---------- Records for the exercise

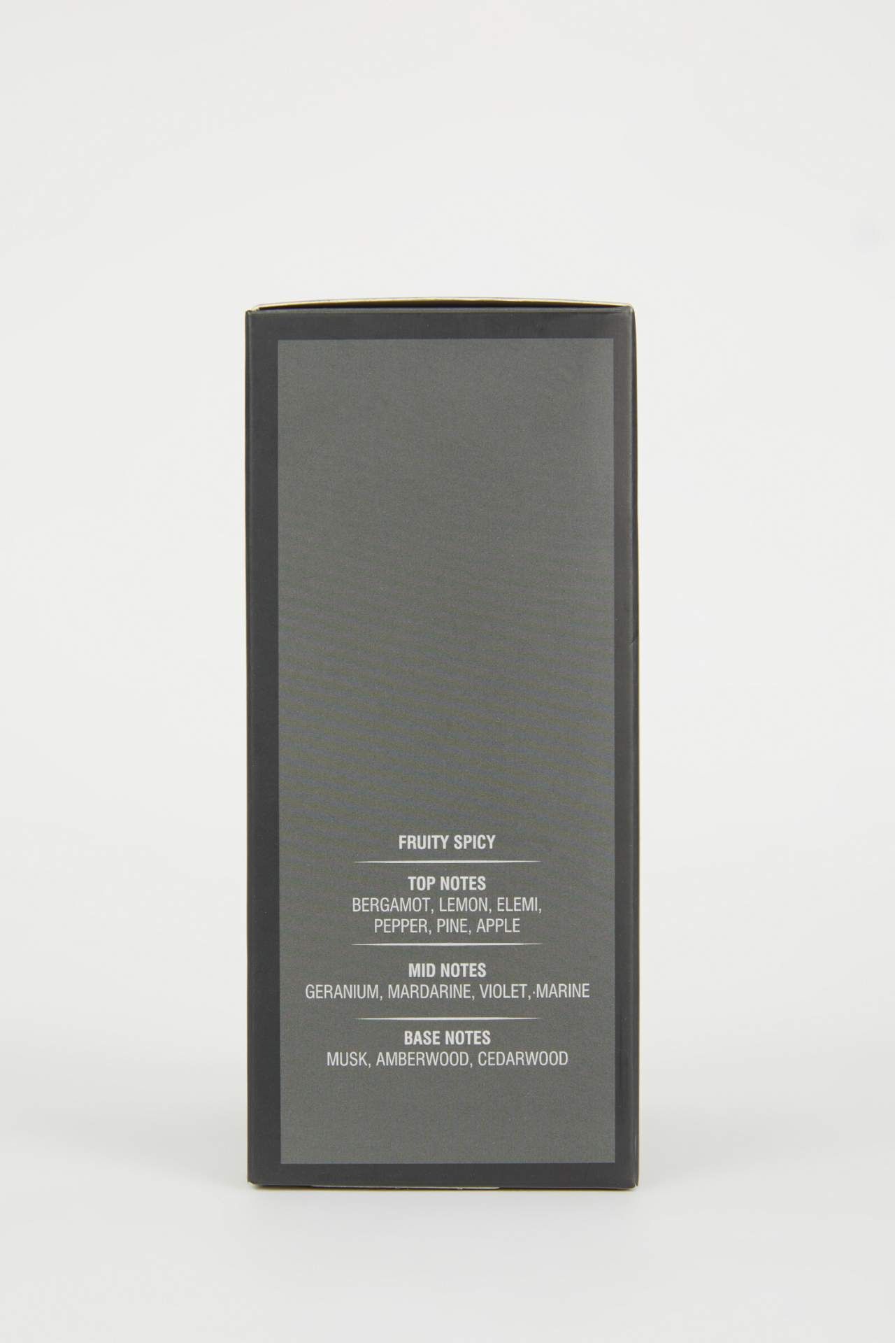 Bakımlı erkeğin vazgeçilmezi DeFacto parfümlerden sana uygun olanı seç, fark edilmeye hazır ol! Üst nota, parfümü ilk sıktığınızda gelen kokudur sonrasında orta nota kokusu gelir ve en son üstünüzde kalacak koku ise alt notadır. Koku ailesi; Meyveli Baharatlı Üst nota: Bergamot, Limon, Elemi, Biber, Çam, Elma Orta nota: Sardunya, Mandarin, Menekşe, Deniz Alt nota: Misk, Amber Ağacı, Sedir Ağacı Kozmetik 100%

--------------------
---------- Records for the exercise

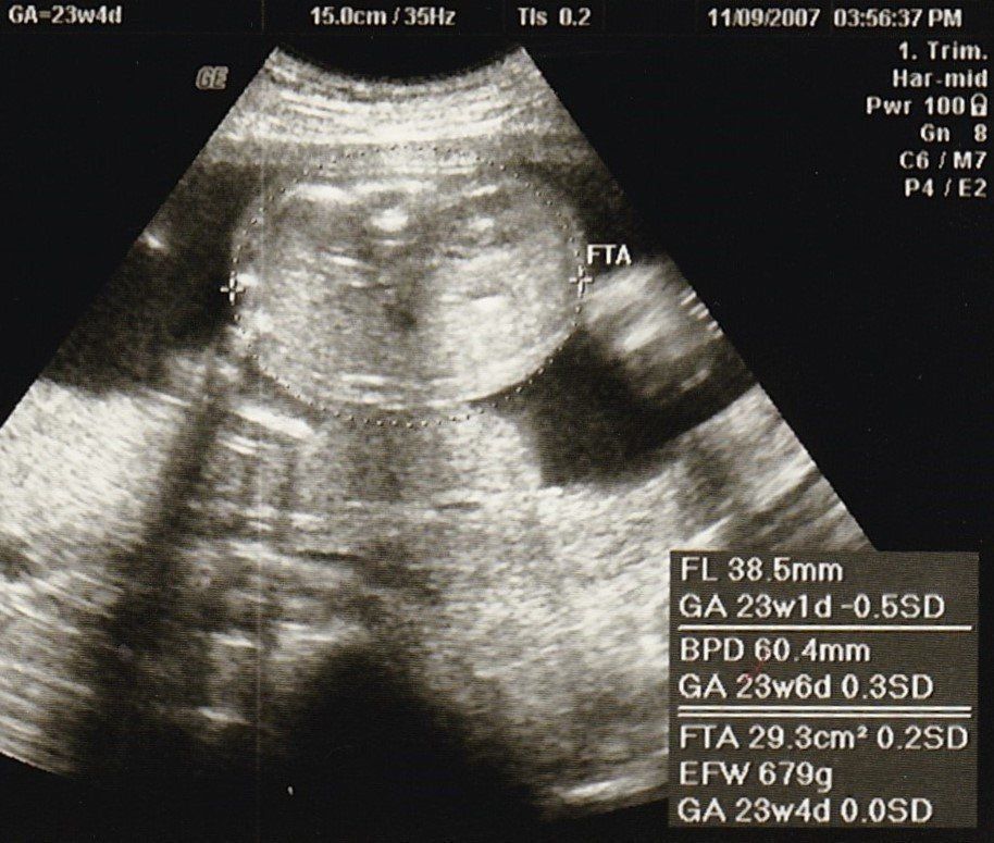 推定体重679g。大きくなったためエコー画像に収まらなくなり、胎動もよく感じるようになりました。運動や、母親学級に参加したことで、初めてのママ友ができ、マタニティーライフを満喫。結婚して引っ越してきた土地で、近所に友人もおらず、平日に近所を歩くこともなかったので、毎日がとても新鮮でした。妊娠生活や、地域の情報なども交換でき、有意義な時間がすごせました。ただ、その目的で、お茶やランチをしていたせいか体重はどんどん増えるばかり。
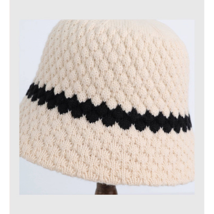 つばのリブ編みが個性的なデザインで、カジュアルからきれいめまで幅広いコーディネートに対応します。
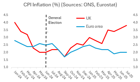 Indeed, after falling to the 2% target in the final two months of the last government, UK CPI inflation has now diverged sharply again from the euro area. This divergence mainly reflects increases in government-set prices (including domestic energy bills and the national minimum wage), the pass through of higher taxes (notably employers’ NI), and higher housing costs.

--------------------

In the listing above, find the line with "推定体重679g。大きくなっ" and the line with "つばのリブ編みが個性的なデザ". Copy both of them and every line between, exactly, but not the pictures.

■ **Finished exercise**:
 推定体重679g。大きくなったためエコー画像に収まらなくなり、胎動もよく感じるようになりました。運動や、母親学級に参加したことで、初めてのママ友ができ、マタニティーライフを満喫。結婚して引っ越してきた土地で、近所に友人もおらず、平日に近所を歩くこともなかったので、毎日がとても新鮮でした。妊娠生活や、地域の情報なども交換でき、有意義な時間がすごせました。ただ、その目的で、お茶やランチをしていたせいか体重はどんどん増えるばかり。
 つばのリブ編みが個性的なデザインで、カジュアルからきれいめまで幅広いコーディネートに対応します。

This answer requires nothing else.